Exercise requirements:
Your response should consist of the entries below, reproduced exactly and without their images.

Data supplied START

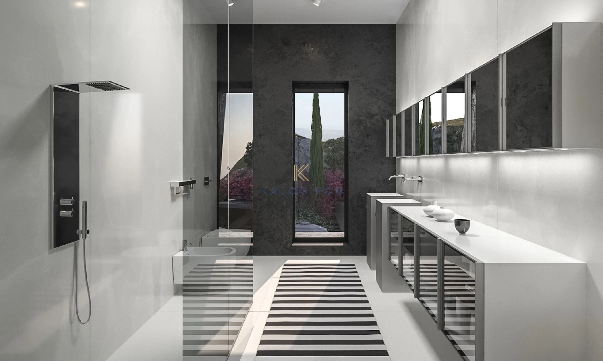 Πολυτελής κατοικία έξι υπνοδωματίων προς πώληση στην περιοχή του Αγίου Τύχωνα, Λεμεσός. Βρίσκεται στην κορυφή του λόφου και προσφέρει υπέροχη θέα στο χωριό Άγιος Τύχωνας και τις γύρω ορεινές περιοχές, καθώς και στη θάλασσα. Λόγω της ανώμαλης επιφάνειάς του και του γεγονότος ότι ο αρχιτέκτονας δεν ήθελε να επέμβει στη φύση, το έργο έχει σχεδιαστεί ως αναπόσπαστο μέρος του τοπίου. Επιπλέον, η σχεδιαστική ιδέα έχει μια επιπλέον λεπτομέρεια, η οποία καθιστά αυτό το έργο μοναδικό και εξαιρετικό.
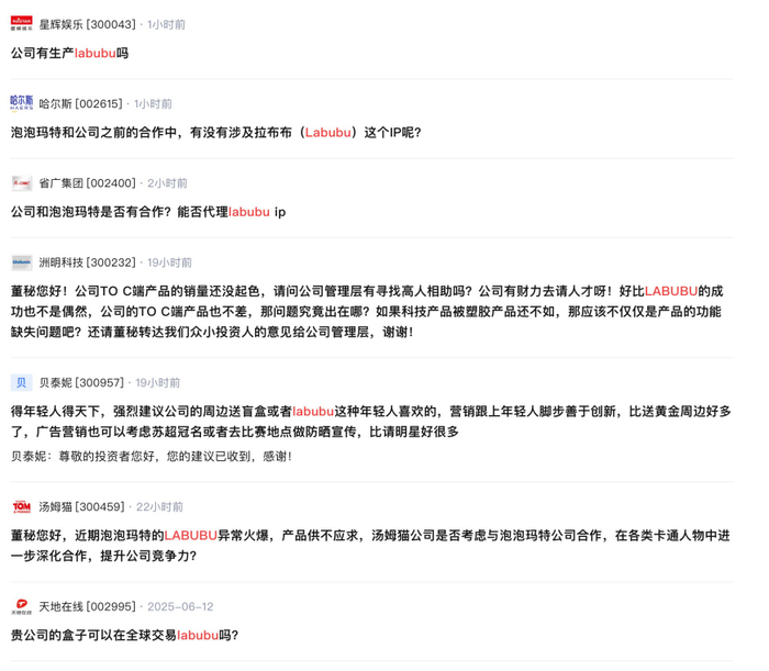 据记者不完全统计,截至6月13日中午,投资者互动平台上,已有星辉娱乐、奥飞娱乐、天地在线、省广集团等20余家上市公司被问到Labubu相关的内容。
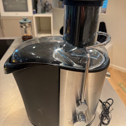 Sandstrøm juicemaskine i rustfrit stål. Designet til at presse juice fra frugt og grøntsager. Udstyret med beholder til frugtkød og en påfyldningsrør på toppen.
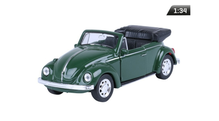 Makett autó, 01:34, VW Beetle kabrió, zöld.
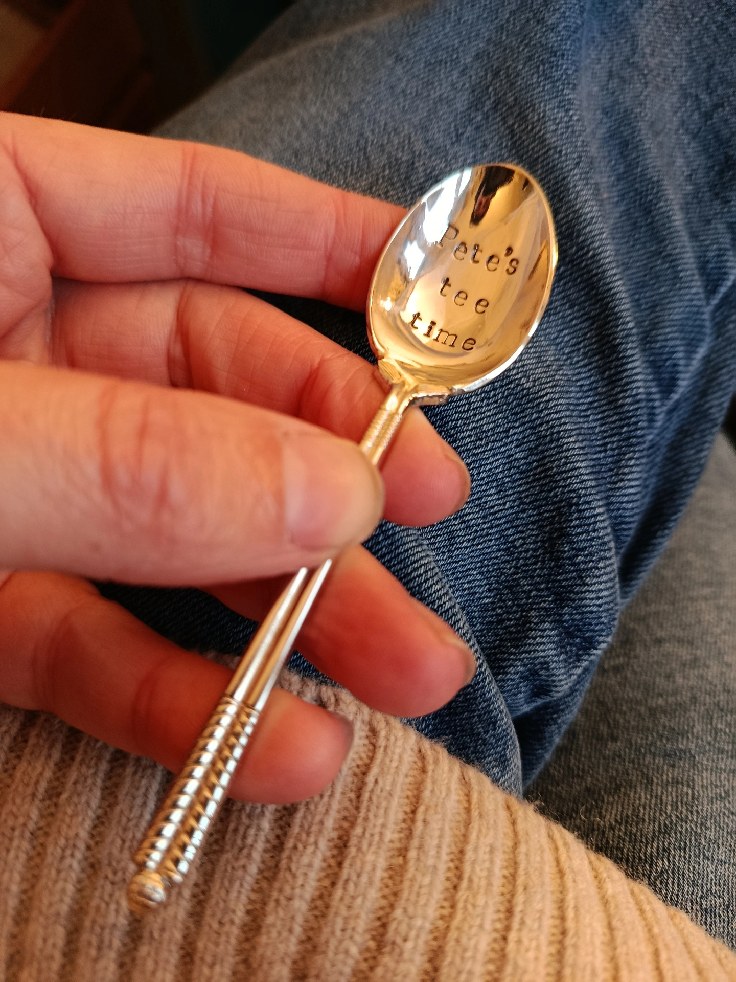 Each letter is individually stamped by hand so, although as straight as possible, text may be a little wibbly wobbly.
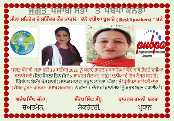 ਜਗਤ ਪੰਜਾਬੀ ਸਭਾ ਅਤੇ ਪਬਪਾ ਕੈਨੇਡਾ ਵੱਲੋਂ ਸਰਦਾਰ ਅਜੈਬ ਸਿੰਘ ਚੱਠਾ ਜੀ ਦੀ ਪ੍ਰਧਾਨਗੀ ਹੇਠ 18 ਸਤੰਬਰ 2021 ਨੂੰ “ਕਾਇਦਾ-ਏ- ਨੂਰ” ਵਿਸ਼ੇ ਤੇ ਕਰਵਾਏ ਗਏ ਅੰਤਰ-ਰਾਸ਼ਟਰੀ ਭਾਸ਼ਣ ਮੁਕਾਬਲੇ ਵਿੱਚ ਮੀਨਾ ਮਹਿਰੋਕ ਅਤੇ ਡਾ ਸਤਿੰਦਰ ਕੌਰ ਕਾਹਲੋਂ ਵਧੀਆ ਬੁਲਾਰੇ ਘੋਸ਼ਿਤ ਕੀਤੇ ਗਏ। ਇਹ ਮੁਕਾਬਲੇ ਜ਼ੂਮ ਐਪ ਰਾਹੀਂ ਕਰਵਾਏ ਗਏ ਜਿਸ ਵਿੱਚ 11 ਪ੍ਰਤੀਯੋਗੀਆਂ ਦੇਵ ਸਿੱਧੂ,ਮੀਨਾ ਮਹਿਰੋਕ,ਡਾ ਸਤਿੰਦਰ ਕੌਰ ਕਾਹਲੋਂ,ਸੁਰਜੀਤ ਕੌਰ,ਮੀਤਾ ਖੰਨਾ,ਡਾ ਵੀਰਪਾਲ ਕੌਰ, ਅਰਵਿੰਦਰ ਢਿੱਲੋਂ,ਡਾ ਸਾਇਮਾ ਬਤੂਲ, ਡਾ ਨੈਬ ਮੁੰਡੇਰ,ਰਣਜੀਤ ਬਾਜਵਾ ਨੇ ਹਿੱਸਾ ਲਿਆ । ਇਸ ਮੁਕਾਬਲੇ ਵਿੱਚ ਵਿਸ਼ੇਸ਼ ਮਹਿਮਾਨਾਂ ਵਜੋਂ , ਹਰਪ੍ਰੀਤ ਸਿੰਘ ਦਰਦੀ, ਡਾ ਰਮਨੀ ਬਤਰਾ,ਸਰਦੂਲ ਸਿੰਘ ਥਿਆੜਾ ਜੀ ਨੇ ਉਚੇਚੇ ਤੌਰ ਤੇ ਹਾਜ਼ਰੀ ਲਗਵਾਈ। ਪ੍ਰੋਗਰਾਮ ਦਾ ਸੰਚਾਲਨ ਸੰਤੋਖ ਸਿੰਘ ਸੰਧੂ ਨੇ ਬਾਖੂਬੀ ਨਿਭਾਇਆ। ਇਸ ਮੁਕਾਬਲੇ ਵਿੱਚ ਤਿੰਨ ਜੱਜਾਂ ਡਾ ਸੋਲਮਨ ਨਾਜ਼ (ਦੁਨੀਆਂ ਦੇ ਇੱਕ ਨੰਬਰ ਬੁਲਾਰੇ),ਪ੍ਰਿੰਸੀਪਲ ਬੇਅੰਤ ਕੌਰ ਸ਼ਾਹੀ(ਮਾਲਕ ਮਾਲਵਾ ਸਕੂਲ ਲਹਿਰਾਂ ਘੱਘਾ,ਪ੍ਰਿੰਸੀਪਲ ਸ਼ਾਲਿਨੀ ਦੱਤਾ (ਮੈਂਬਰ ਵੋਮੈਨ ਕਮਿਸ਼ਨ ਪੰਜਾਬ ਸਰਕਾਰ) ਨੇ ਆਪਣੀ ਪਾਰਖੂ ਨਜ਼ਰ ਨਾਲ ਮੁਕਾਬਲੇ ਦਾ ਫੈਸਲਾ ਪੇਸ਼ ਕੀਤਾ । ਕੁੱਲ ਮਿਲਾ ਕੇ “ਕਾਇਦਾ-ਏ-ਨੂਰ” ਵਿਸ਼ੇ ਤੇ ਕਰਵਾਇਆ ਗਿਆ ਇਹ ਮੁਕਾਬਲਾ ਬਹੁਤ ਸਾਰਥਕ ਸਿੱਧ ਹੋਇਆ।
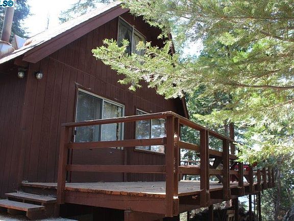 There are some views from this 2 story home in Alpine Village. 2 bdrms & 1/2 bath on the upper level with a small sitting area in between. The main level has 1 bdrm, 1 bath and open living/dining/kitchen area. Deck wraps around 2 sides of the cabin and it sits back off an easement road for privacy. Knotty pine and beamed ceilings. New propane heater installed. A new wood stove is coming too.
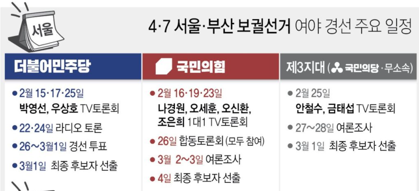 후보 선출과 단일화 등의 일정을 거치면 3월 18일부터 19일까지는 후보자 등록 신청이 있게됩니다. 3월 25일부터는 공식 선거기간 일정이 시작됩니다. 3월 36일까지 선거인 명부 확정, 선거공보 제출 등의 일정이 진행됩니다. 4월 2~3일는 사전투표일, 4월 7일 보궐선거일로 이어집니다.
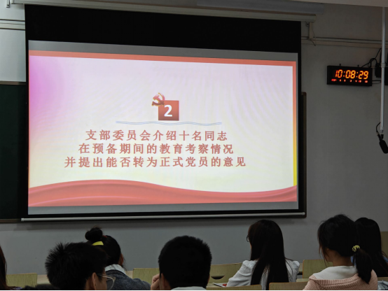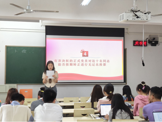 其次是支委介绍相关考察情况以及党员进行无记名投票表决,党支部通过了陈立洋等10名同志的转正申请,并表示了热烈的祝贺。
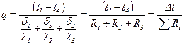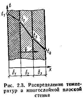 Температурне поле багатошарової стінки зображають ламаною лінією. Тепловий потік, що передається через багатошарову стінку визначають за формулою
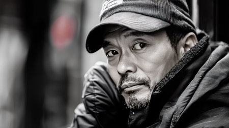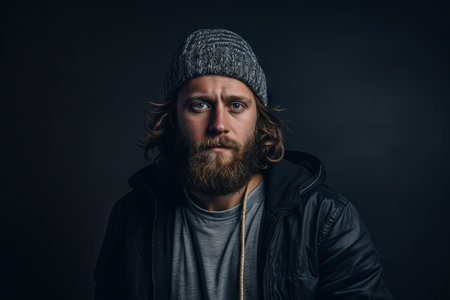 A man with a beard and a cap looks directly at the viewer with an intense and thoughtful expression, dressed in a warm jacket.
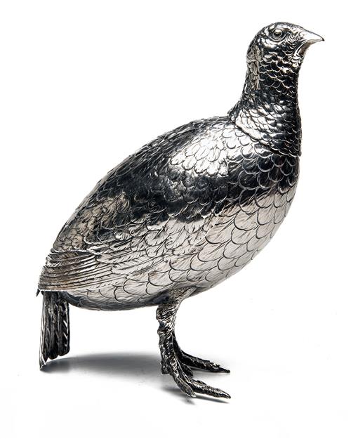 BERTHOLD MUELLER A VICTORIAN STERLING SILVER TOBACCO JAR IN THE FORM OF A PARTRIDGE,
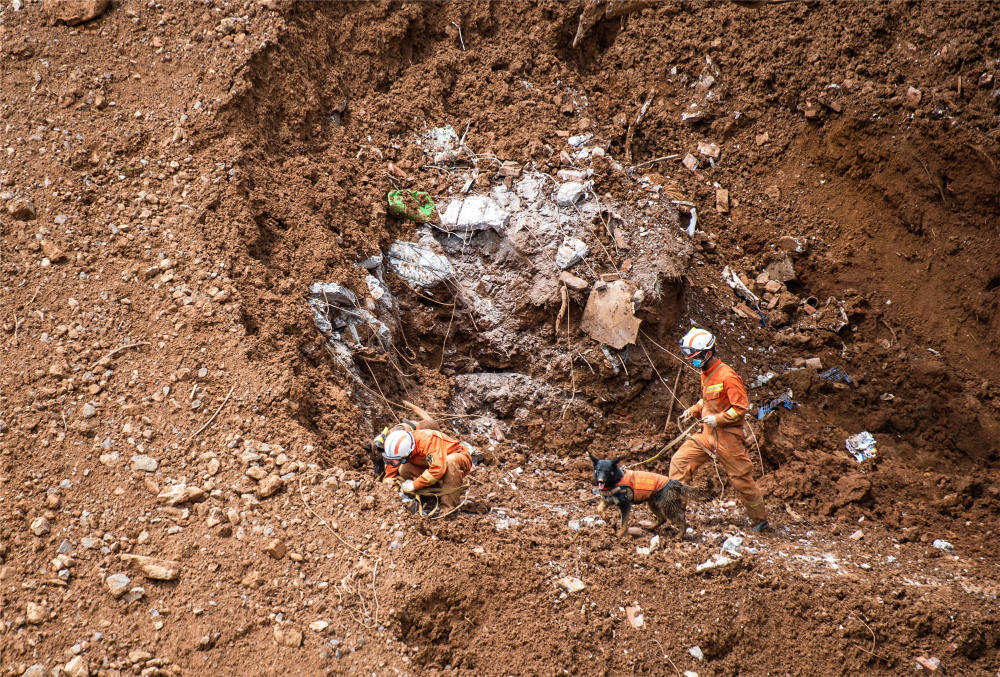 ↑2019年7月26日,救援人员在贵州省水城县“7·23”特大山体滑坡灾害现场进行搜救。新华社记者陶亮摄

Data supplied END

Solved exercise:
 Πολυτελής κατοικία έξι υπνοδωματίων προς πώληση στην περιοχή του Αγίου Τύχωνα, Λεμεσός. Βρίσκεται στην κορυφή του λόφου και προσφέρει υπέροχη θέα στο χωριό Άγιος Τύχωνας και τις γύρω ορεινές περιοχές, καθώς και στη θάλασσα. Λόγω της ανώμαλης επιφάνειάς του και του γεγονότος ότι ο αρχιτέκτονας δεν ήθελε να επέμβει στη φύση, το έργο έχει σχεδιαστεί ως αναπόσπαστο μέρος του τοπίου. Επιπλέον, η σχεδιαστική ιδέα έχει μια επιπλέον λεπτομέρεια, η οποία καθιστά αυτό το έργο μοναδικό και εξαιρετικό.
 据记者不完全统计,截至6月13日中午,投资者互动平台上,已有星辉娱乐、奥飞娱乐、天地在线、省广集团等20余家上市公司被问到Labubu相关的内容。
 Sandstrøm juicemaskine i rustfrit stål. Designet til at presse juice fra frugt og grøntsager. Udstyret med beholder til frugtkød og en påfyldningsrør på toppen.
 Makett autó, 01:34, VW Beetle kabrió, zöld.
 Each letter is individually stamped by hand so, although as straight as possible, text may be a little wibbly wobbly.
 ਜਗਤ ਪੰਜਾਬੀ ਸਭਾ ਅਤੇ ਪਬਪਾ ਕੈਨੇਡਾ ਵੱਲੋਂ ਸਰਦਾਰ ਅਜੈਬ ਸਿੰਘ ਚੱਠਾ ਜੀ ਦੀ ਪ੍ਰਧਾਨਗੀ ਹੇਠ 18 ਸਤੰਬਰ 2021 ਨੂੰ “ਕਾਇਦਾ-ਏ- ਨੂਰ” ਵਿਸ਼ੇ ਤੇ ਕਰਵਾਏ ਗਏ ਅੰਤਰ-ਰਾਸ਼ਟਰੀ ਭਾਸ਼ਣ ਮੁਕਾਬਲੇ ਵਿੱਚ ਮੀਨਾ ਮਹਿਰੋਕ ਅਤੇ ਡਾ ਸਤਿੰਦਰ ਕੌਰ ਕਾਹਲੋਂ ਵਧੀਆ ਬੁਲਾਰੇ ਘੋਸ਼ਿਤ ਕੀਤੇ ਗਏ। ਇਹ ਮੁਕਾਬਲੇ ਜ਼ੂਮ ਐਪ ਰਾਹੀਂ ਕਰਵਾਏ ਗਏ ਜਿਸ ਵਿੱਚ 11 ਪ੍ਰਤੀਯੋਗੀਆਂ ਦੇਵ ਸਿੱਧੂ,ਮੀਨਾ ਮਹਿਰੋਕ,ਡਾ ਸਤਿੰਦਰ ਕੌਰ ਕਾਹਲੋਂ,ਸੁਰਜੀਤ ਕੌਰ,ਮੀਤਾ ਖੰਨਾ,ਡਾ ਵੀਰਪਾਲ ਕੌਰ, ਅਰਵਿੰਦਰ ਢਿੱਲੋਂ,ਡਾ ਸਾਇਮਾ ਬਤੂਲ, ਡਾ ਨੈਬ ਮੁੰਡੇਰ,ਰਣਜੀਤ ਬਾਜਵਾ ਨੇ ਹਿੱਸਾ ਲਿਆ । ਇਸ ਮੁਕਾਬਲੇ ਵਿੱਚ ਵਿਸ਼ੇਸ਼ ਮਹਿਮਾਨਾਂ ਵਜੋਂ , ਹਰਪ੍ਰੀਤ ਸਿੰਘ ਦਰਦੀ, ਡਾ ਰਮਨੀ ਬਤਰਾ,ਸਰਦੂਲ ਸਿੰਘ ਥਿਆੜਾ ਜੀ ਨੇ ਉਚੇਚੇ ਤੌਰ ਤੇ ਹਾਜ਼ਰੀ ਲਗਵਾਈ। ਪ੍ਰੋਗਰਾਮ ਦਾ ਸੰਚਾਲਨ ਸੰਤੋਖ ਸਿੰਘ ਸੰਧੂ ਨੇ ਬਾਖੂਬੀ ਨਿਭਾਇਆ। ਇਸ ਮੁਕਾਬਲੇ ਵਿੱਚ ਤਿੰਨ ਜੱਜਾਂ ਡਾ ਸੋਲਮਨ ਨਾਜ਼ (ਦੁਨੀਆਂ ਦੇ ਇੱਕ ਨੰਬਰ ਬੁਲਾਰੇ),ਪ੍ਰਿੰਸੀਪਲ ਬੇਅੰਤ ਕੌਰ ਸ਼ਾਹੀ(ਮਾਲਕ ਮਾਲਵਾ ਸਕੂਲ ਲਹਿਰਾਂ ਘੱਘਾ,ਪ੍ਰਿੰਸੀਪਲ ਸ਼ਾਲਿਨੀ ਦੱਤਾ (ਮੈਂਬਰ ਵੋਮੈਨ ਕਮਿਸ਼ਨ ਪੰਜਾਬ ਸਰਕਾਰ) ਨੇ ਆਪਣੀ ਪਾਰਖੂ ਨਜ਼ਰ ਨਾਲ ਮੁਕਾਬਲੇ ਦਾ ਫੈਸਲਾ ਪੇਸ਼ ਕੀਤਾ । ਕੁੱਲ ਮਿਲਾ ਕੇ “ਕਾਇਦਾ-ਏ-ਨੂਰ” ਵਿਸ਼ੇ ਤੇ ਕਰਵਾਇਆ ਗਿਆ ਇਹ ਮੁਕਾਬਲਾ ਬਹੁਤ ਸਾਰਥਕ ਸਿੱਧ ਹੋਇਆ।
 There are some views from this 2 story home in Alpine Village. 2 bdrms & 1/2 bath on the upper level with a small sitting area in between. The main level has 1 bdrm, 1 bath and open living/dining/kitchen area. Deck wraps around 2 sides of the cabin and it sits back off an easement road for privacy. Knotty pine and beamed ceilings. New propane heater installed. A new wood stove is coming too.
 후보 선출과 단일화 등의 일정을 거치면 3월 18일부터 19일까지는 후보자 등록 신청이 있게됩니다. 3월 25일부터는 공식 선거기간 일정이 시작됩니다. 3월 36일까지 선거인 명부 확정, 선거공보 제출 등의 일정이 진행됩니다. 4월 2~3일는 사전투표일, 4월 7일 보궐선거일로 이어집니다.
 其次是支委介绍相关考察情况以及党员进行无记名投票表决,党支部通过了陈立洋等10名同志的转正申请,并表示了热烈的祝贺。
 Температурне поле багатошарової стінки зображають ламаною лінією. Тепловий потік, що передається через багатошарову стінку визначають за формулою
 A man with a beard and a cap looks directly at the viewer with an intense and thoughtful expression, dressed in a warm jacket.
 BERTHOLD MUELLER A VICTORIAN STERLING SILVER TOBACCO JAR IN THE FORM OF A PARTRIDGE,
 ↑2019年7月26日,救援人员在贵州省水城县“7·23”特大山体滑坡灾害现场进行搜救。新华社记者陶亮摄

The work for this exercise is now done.